Brake system is a device that creates frictions to slow down and eventually to stop the movement of an object. There are a few different types of brakes; however, they are all built on the same principle of friction. In automotive, the most common type of brake today is the disc brake because it provides higher efficiency and more safety to users. Disc brake consists of brake fluid, a piston, a caliper, brake pads, a rotor, and a hub. The following is a basic description of a disc brake’s mechanism. 1.
When the brake pedal is pressed, the brake fluid is forced to enter the caliper cylinder where the piston is sitting in. In turn, that fluid pushes the piston, which is attached with a brake pad on the other end, toward the rotor.

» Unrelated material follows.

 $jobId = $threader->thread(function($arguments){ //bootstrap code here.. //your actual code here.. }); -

Once the brake pad is in contact with the rotor, the caliper contracts to bring the other brake pad to contact with the other side of the rotor as well. The pushing of both brake pads against the rotor generates a friction force that will slow the rotation of the rotor and eventually bring it to a stop.

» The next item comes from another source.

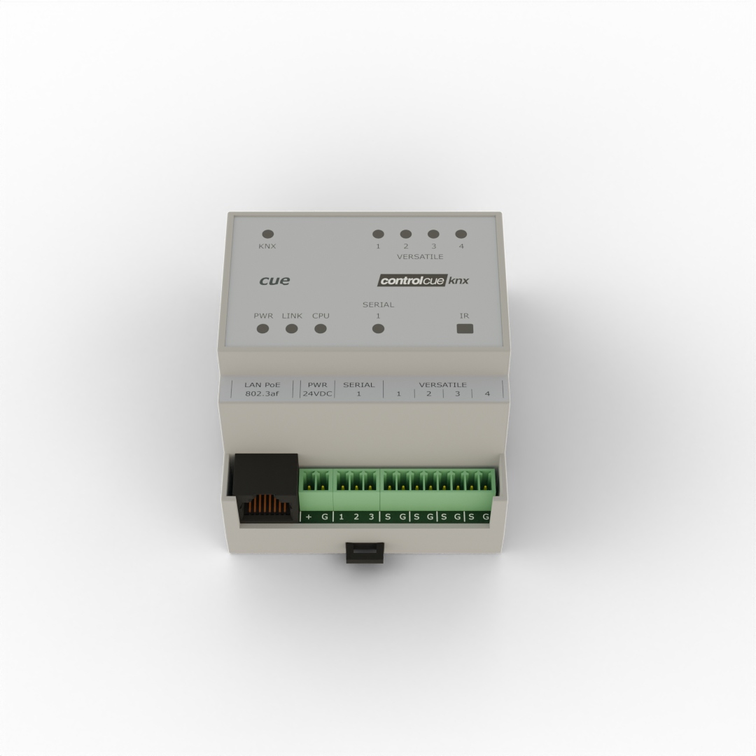 controlCUE-knx-d to w pełni funkcjonalny kontroler IP z portem KNX, jednym dwukierunkowym portem RS-232/485 i czterema uniwersalnymi portami. W pełni kompatybilny z panelami dotykowymi CUE, kontroler ten zapewnia dwukierunkowe połączenie pomiędzy Cue System a siecią KNX i może pracować jako samodzielne urządzenie.

Because the wheel attaches to the hub and the hub attaches to the rotor, thus, when the rotor is slowed down, the wheel is also slowed down.
Meanwhile, the friction between the tire and the surface of the road also acts to slow the rotation of the wheel. Disc brake can generate a significant amount of friction. This is why its main applications usually involve movement with great velocity such as cars and aircraft. Because disc brake does require more maintenance than other simpler brake and because brake is directly related to your safety when driving, it is recommended to have your brakes checked regularly by a licensed brake technician/specialist.